After jaw-jacking knockout wins over top-flight foes such as Jimi Manuwa and Jan Blachowicz, he earned a title shot opposite Jones. Despite entering the matchup as a huge underdog, he battled to a razor-thin split-decision loss. Some onlookers actually scored the fight in the Brazilian's favor, and debates surrounding the result rage to this day.

Think about that. A man who was knocked senseless by David Branch at middleweight gave the greatest light heavyweight ever his toughest challenge to date.

Based on that history, it's easy to understand why Weidman, a former middleweight champion with multiple title defenses on his resume, feels so confident as his debut in the light heavyweight division looms. But is he likely to follow in the footsteps of Smith and Santos? 

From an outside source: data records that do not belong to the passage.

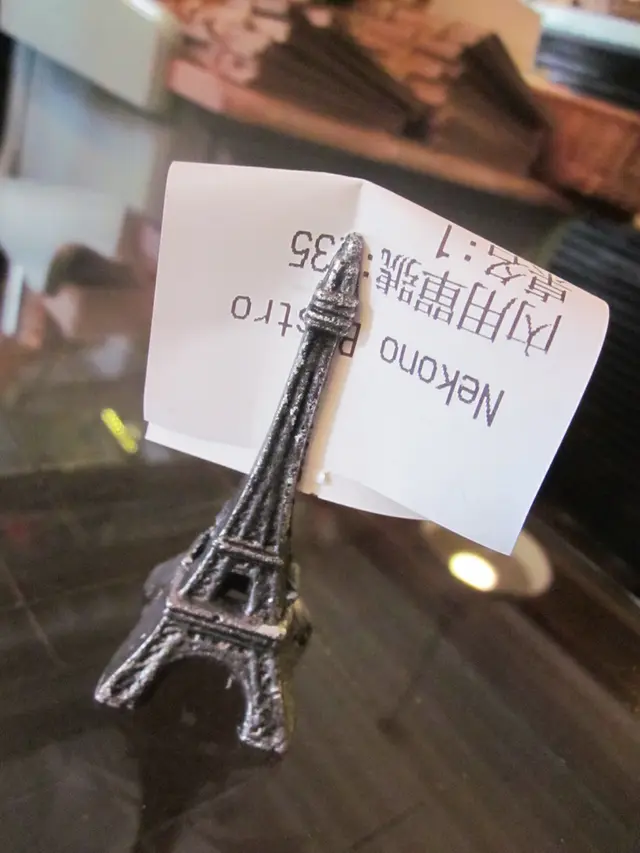 巴黎鐵塔的帳單夾,小巧精緻。短短的幾個小時,可以感受到店家投注的許多想法和熱情,不過能否獲得顧客喜愛,其實蠻主觀的,但是具有特色的餐點以及好食材的運用,貓的美味之夢還是值得一再造訪的呀。
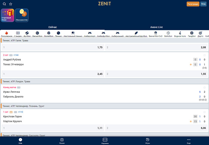 После прохождения идентификации и внесения денег на счет игроку открывается доступ к беттингу. Подбор матчей можно осуществлять уже со стартовой страницы. При этом на ней выводятся только live-события. Для просмотра всей линии необходимо перейти в одноименный раздел посредством нижнего меню.
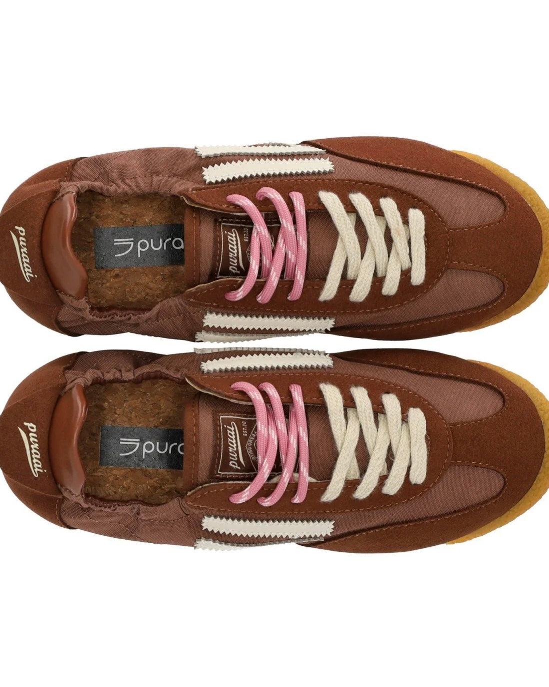 Modello Phanter, colore marroncino con dettagli rosa, logo off white e suola miele.
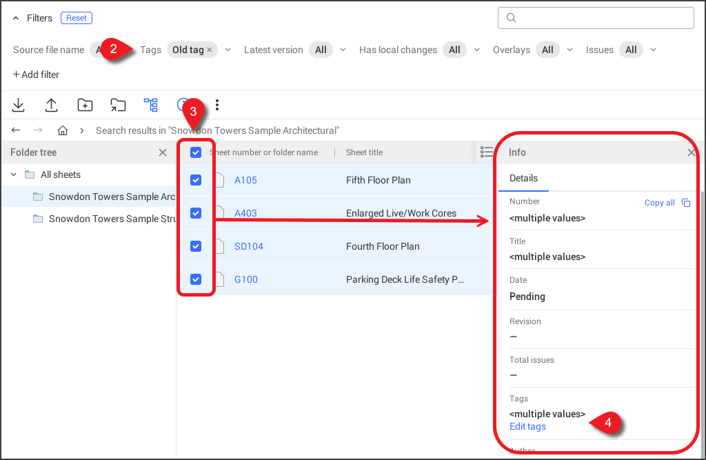 Reviztoの「新しいシートの追加」権限を持つユーザーは、自分がReviztoに公開したシートのタグを追加および削除できます。一方、Reviztoの「すべてのシートの管理」権限を持つユーザーは、任意のシートのタグを追加および削除できます。 タグの追加または削除は、単一のシートや複数のシートで、あるいはフォルダー内のすべてのシートに一括で実行できます。
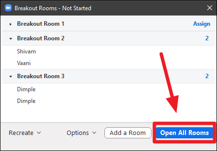 Finally, start the Breakout Session by opening all breakout rooms for the participants to join and start working on the group assignment. Click on the ‘Open All Rooms’ button at the bottom.

While it's possible Weidman backs up his confidence and goes on to challenge Jones, the extreme opposite is also on the table. Against heavier foes with just as much drive to win and markedly more power, the potential for disaster is huge.

Proof is readily available. Just look at Luke Rockhold.

Like Weidman, Rockhold is a former middleweight champion. Like Weidman, he was stopped by strikes in many of his final middleweight bouts. Like Weidman, he probably had more all-around skill than his first light heavyweight opponent, Jan Blachowicz. Like Weidman, he boldly proclaimed himself the harbinger of Jones' demise before he'd even debuted at light heavyweight.

Then he was brutally knocked out by Blachowicz. He was defeated so emphatically that many now believe he should retire.

LAS VEGAS, NEVADA - JULY 06:  Luke Rockhold of the United States  looks on after being knocked out by Jan Blachowicz of Poland during their UFC 239 Light Heavyweight bout at T-Mobile Arena on July 06, 2019 in Las Vegas, Nevada. (Photo by Sean M. Haffey/Ge
Sean M. Haffey/Getty Images

That's the problem with late-career division changes. While they can sometimes be revivifying, they can also serve as the final nail in a struggling fighter's coffin. This was true for Rockhold. What he viewed as a fresh start looked to his numerous skeptics like a last-ditch effort to get back on track. When it failed, they lowered his career into the ground and buried it. 

Weidman could find himself in a similar situation if he loses to Reyes in Boston—particularly by stoppage, which is a real possibility.

Like Blachowicz, who so effortlessly crushed Rockhold's light heavyweight dreams, Reyes is a top-10 fighter in his division. He's also as venomous a finisher as you'll find in MMA. His last fight, an insipid split-decision defeat of Oezdemir, makes it easy to forget, but he's finished eight of his 11 wins.

Weidman certainly has the skills to defeat Reyes—and potentially even work his way to Jones—but there is no arguing he's got his hands full in his light heavyweight debut. 

In the main event of UFC on ESPN 6, the former middleweight champion will come to a crossroads. One path will lead to a new start in a division other former middleweights have done well in. The other will lead to a grim juncture at which he's viewed as the sport's latest wash-up.

We'll see which one he wanders down.